Earlier this week, the world of internet security was turned upside down by something known as the Heartbleed bug. According to some experts, it’s already being called one of the biggest security threats in the history of the internet. However, unless you happen have an IT major for a roommate, the issue might be a little hard to understand. So to make it easier, we’ve compiled a list of three things you should know about the bug, spelled out in the simplest terms possible. The list also includes what the bug means for you and how you can take action to protect yourself. Take these steps, and you’ll be good to go.
1) The Heartbleed bug is a serious flaw in the popular encryption software known as OpenSSL, which keeps our communications secure on the web. Still following? Think of the little padlock you see at the top of your web browser when logging into Facebook or buying something on Amazon. That shows that your information is encrypted (making it unreadable to unauthorized individuals). OpenSSL is a type of encryption that is widely used on a number of different websites.
2) One of the features in OpenSSL is called a heartbeat. A computer that is using this type of encryption sends out a short message (or heartbeat) to ensure that the other end is still online and get a response back. The Heartbleed bug allows malicious parties to send out a false heartbeat and therefore access private information such as credit card numbers, secret keys and passwords. If this still doesn’t make sense, Vox has a very simple illustration that should clear things up.

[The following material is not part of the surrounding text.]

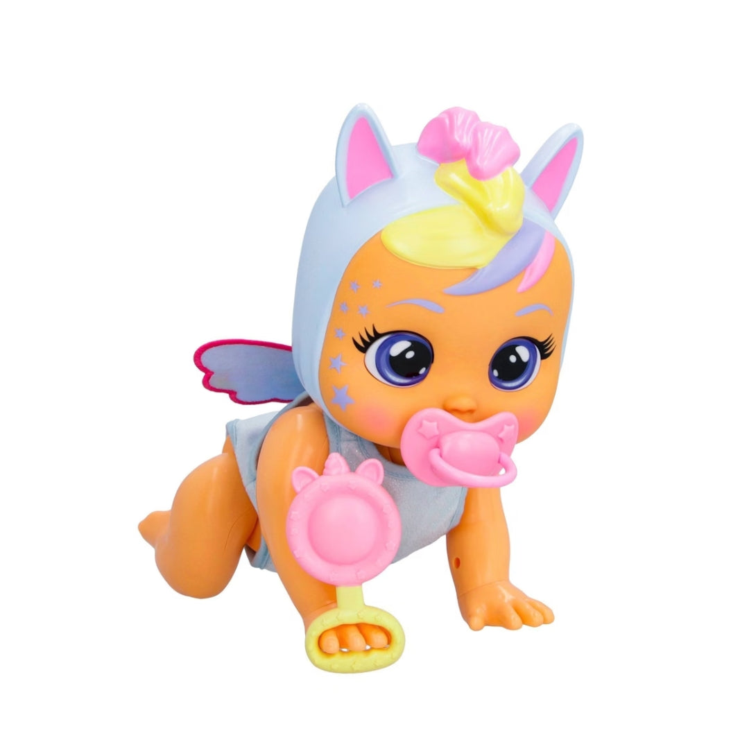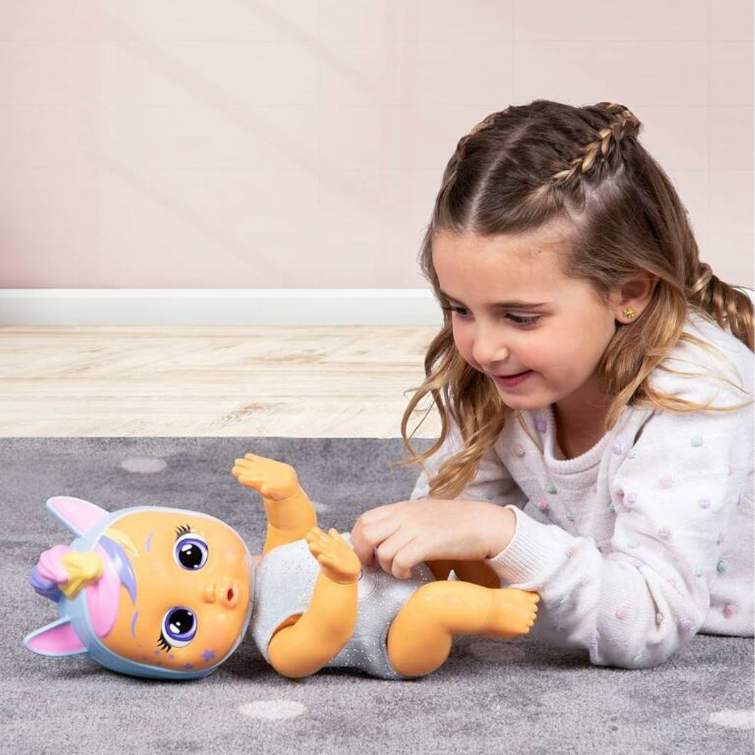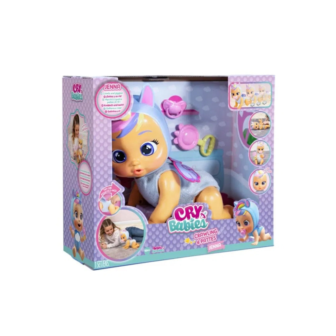 The new Cry Babies Crawling Jenna moves like a real baby, with crawling actions, giggles, and interactive responses. Press the cloud button on her back to make her crawl. When she is lying down and tickled, her arms and legs move as she laughs. Sit her up and place the rattle in her hand to see her play with it. She features painted eyes and hair and comes dressed in unicorn themed pajamas. The set includes her pacifier and rattle. Like other Cry Babies, she produces real tears when the pacifier is removed and stops when it is returned. She includes 35 realistic baby sounds.

3) So how do you protect yourself? For one, people are being advised to change their passwords for each and every site affected by the bug. And not only that, but if you use the same password on a site that was vulnerable as you do everywhere else on the internet, you need to change your password everywhere. You can find a list of sites that were affected by clicking here. If a site you use isn’t on the list, try this tool. However, even if you do take this precautionary measure, there’s no saying whether or not your information has already been compromised. There have not been any known cases of malicious parties using Heartbleed as of right now, but websites will be on the lookout for any suspicious activity within the coming weeks.